AIM OF THE TASK
Below are the records; return every line from the one that contains "กลุ่มไมโครฟอสซิล อาทิ เม็ดแป้ง" to the last, exactly, skipping the pictures.

-- SOURCE RECORDS follows --

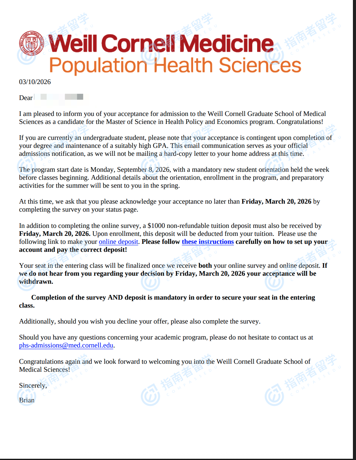 康奈尔大学卫生政策与经济学硕士研究生offer一枚
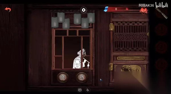 11、回到第一个场景,将线索告诉女主打开这个台阶上的箱子门,然后两个一起操作,就是两边的皮影一样就是同,不一样就是异;
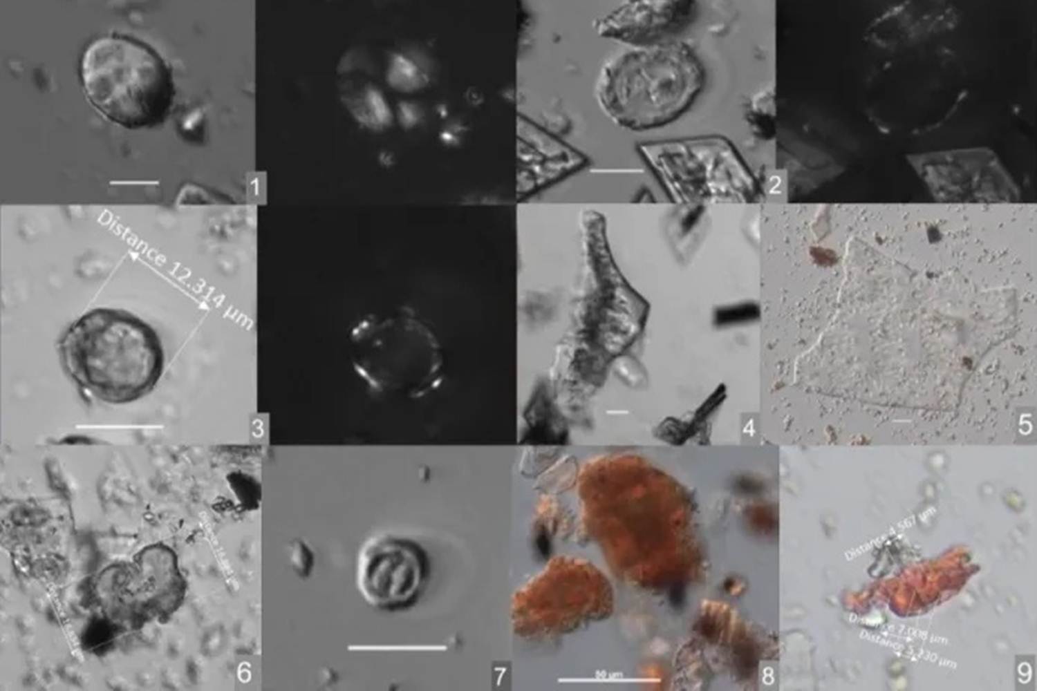 *หมายเหตุ ภาพจากสถาบันมรดกทางวัฒนธรรมและโบราณคดีมณฑลเหอหนาน : กลุ่มไมโครฟอสซิล อาทิ เม็ดแป้ง ไฟโตลิธ รา และยีสต์ ซึ่งสกัดจากตัวอย่างที่พบในแหล่งโบราณคดีหมู่บ้านหย่างเสา มณฑลเหอหนานทางตอนกลางของจีน
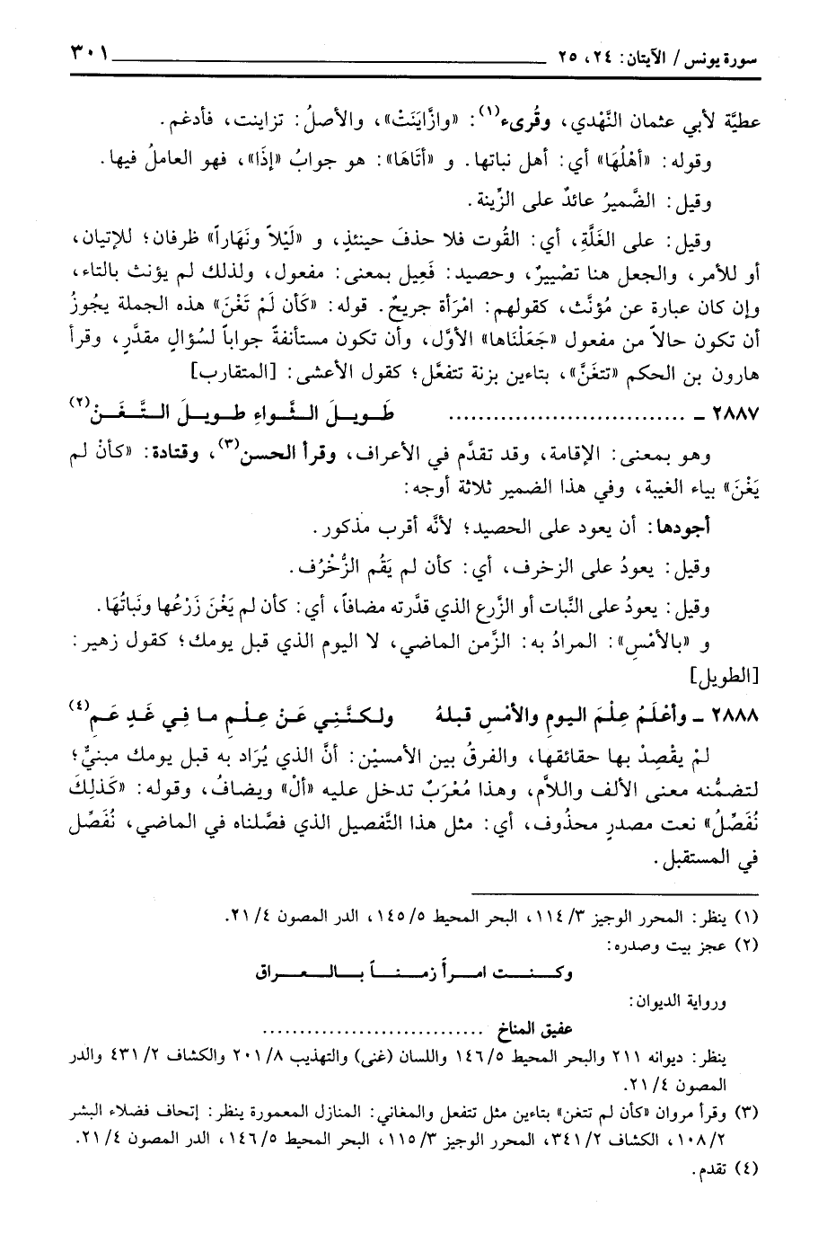 وقيل: على الغَلَّةِ، أي: القُوت فلا حذفَ حينئذٍ، و «لَيْلاً ونَهَاراً» ظرفان؛ للإتيان، أو للأمر، والجعل هنا تصْييرٌ، وحصيد: فَعِيل بمعنى: مفعول، ولذلك لم يؤنث بالتاء، وإن كان عبارة عن مُؤنَّث، كقوله: أمْرَأة جريحٌ. قوله: «كَأَن لَّمْ تَغْنَ» هذه الجملة يجُوزُ أن تكون حالاً من مفعول «جَعَلْنَاها» الأوَّل، وأن تكون مستأنفةٌ جواباً لسُؤالٍ مقدَّرٍ، وقرأ هارون بن الحكم «تتغَنَّ» ، بتاءين بنزنة تتفعَّل؛ كقول الأعشى: [المتقارب]
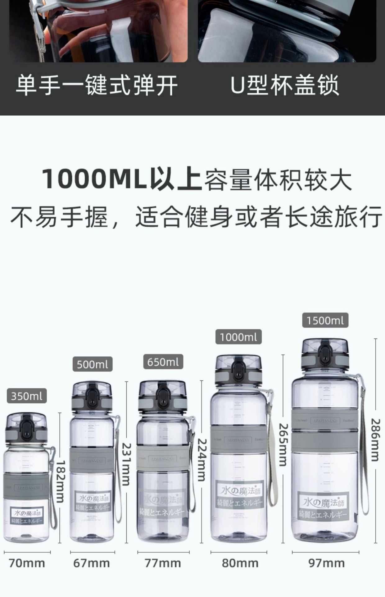 Youzhi 물컵 대용량 2000ml 공간 스포츠 컵 남성용 야외 고온 저항 여름 플라스틱 냄비스토어 가기
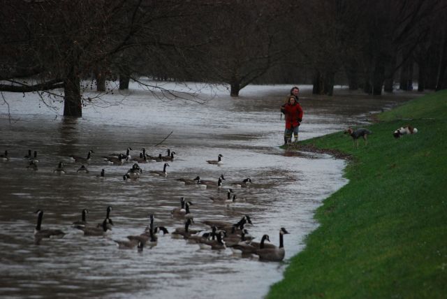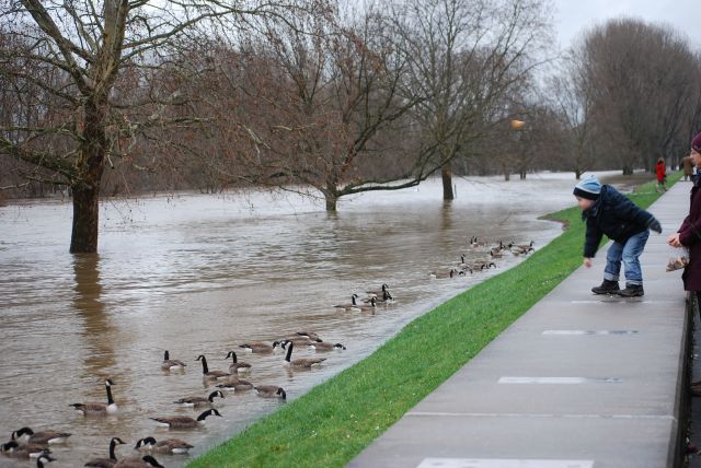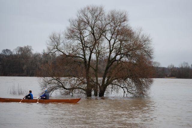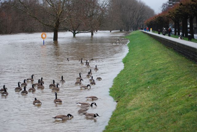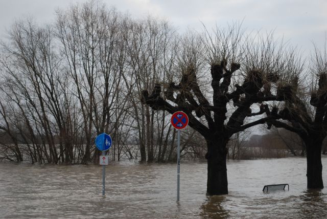 Rheinhochwasser im Januar 2012 in Köln Rodenkirchen
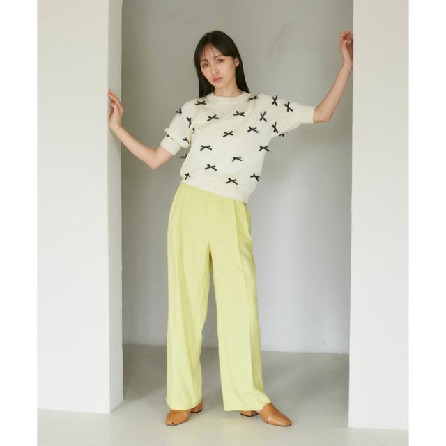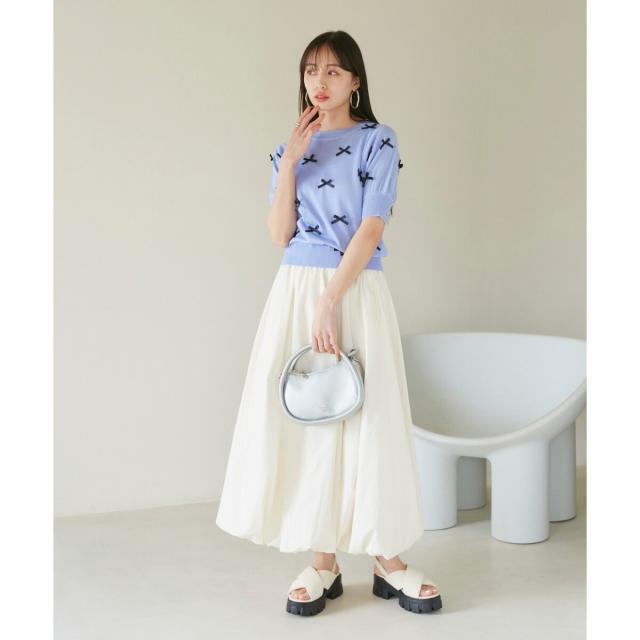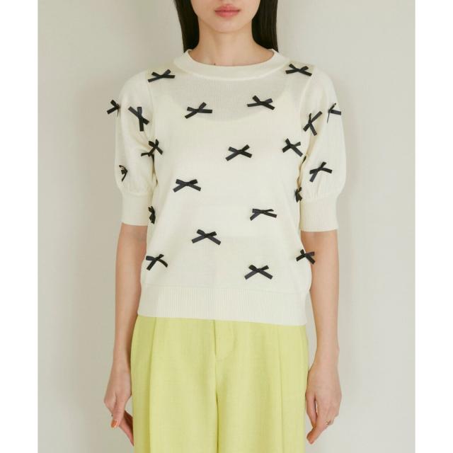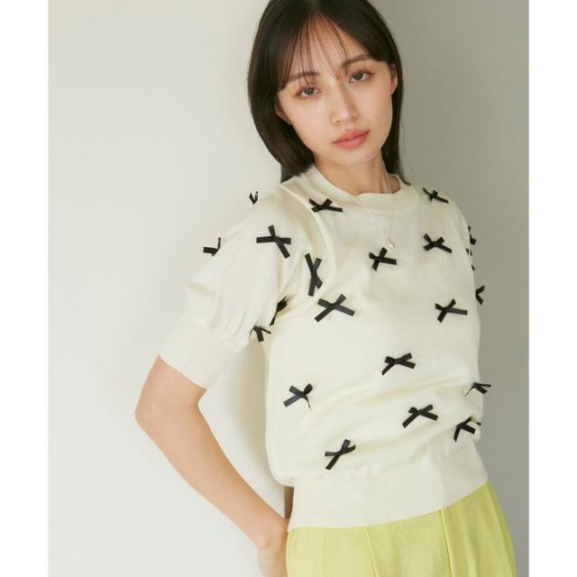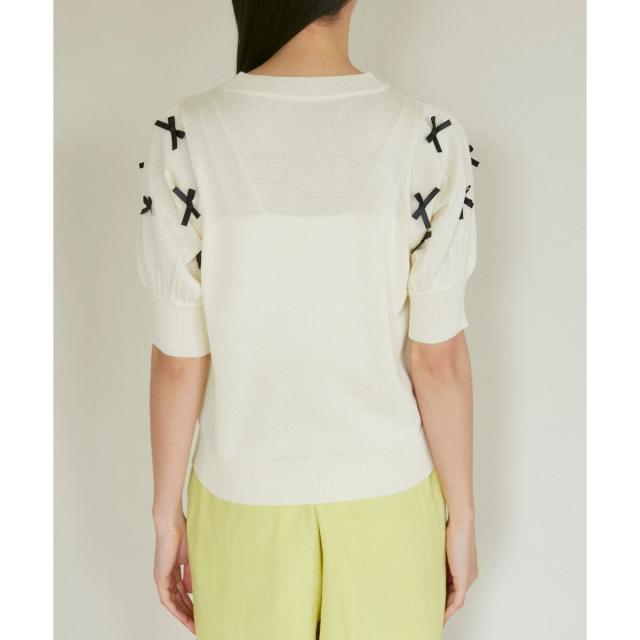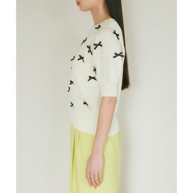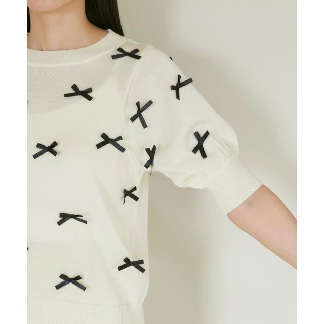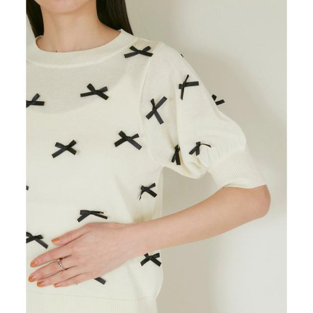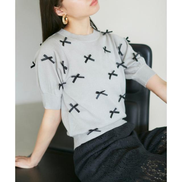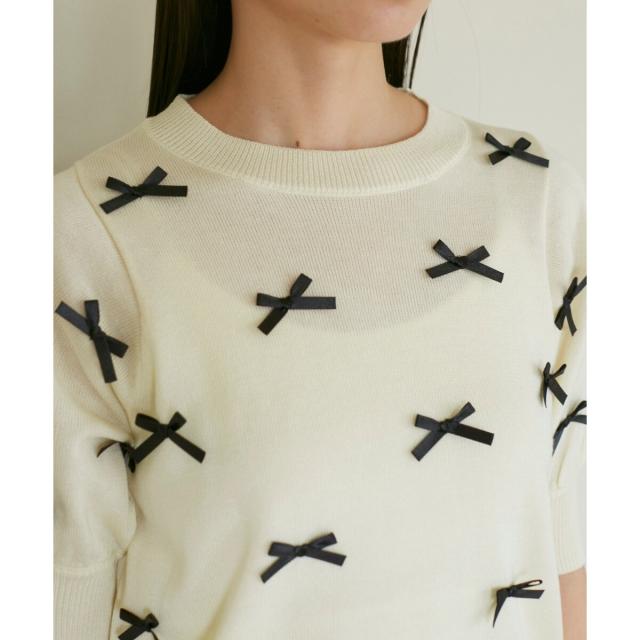 トレンドのリボンのモチーフをサテンリボンでデザインしたハーフスリーブニット。

-- SOURCE RECORDS concluded --

RESULT BELOW
 *หมายเหตุ ภาพจากสถาบันมรดกทางวัฒนธรรมและโบราณคดีมณฑลเหอหนาน : กลุ่มไมโครฟอสซิล อาทิ เม็ดแป้ง ไฟโตลิธ รา และยีสต์ ซึ่งสกัดจากตัวอย่างที่พบในแหล่งโบราณคดีหมู่บ้านหย่างเสา มณฑลเหอหนานทางตอนกลางของจีน
 وقيل: على الغَلَّةِ، أي: القُوت فلا حذفَ حينئذٍ، و «لَيْلاً ونَهَاراً» ظرفان؛ للإتيان، أو للأمر، والجعل هنا تصْييرٌ، وحصيد: فَعِيل بمعنى: مفعول، ولذلك لم يؤنث بالتاء، وإن كان عبارة عن مُؤنَّث، كقوله: أمْرَأة جريحٌ. قوله: «كَأَن لَّمْ تَغْنَ» هذه الجملة يجُوزُ أن تكون حالاً من مفعول «جَعَلْنَاها» الأوَّل، وأن تكون مستأنفةٌ جواباً لسُؤالٍ مقدَّرٍ، وقرأ هارون بن الحكم «تتغَنَّ» ، بتاءين بنزنة تتفعَّل؛ كقول الأعشى: [المتقارب]
 Youzhi 물컵 대용량 2000ml 공간 스포츠 컵 남성용 야외 고온 저항 여름 플라스틱 냄비스토어 가기
 Rheinhochwasser im Januar 2012 in Köln Rodenkirchen
 トレンドのリボンのモチーフをサテンリボンでデザインしたハーフスリーブニット。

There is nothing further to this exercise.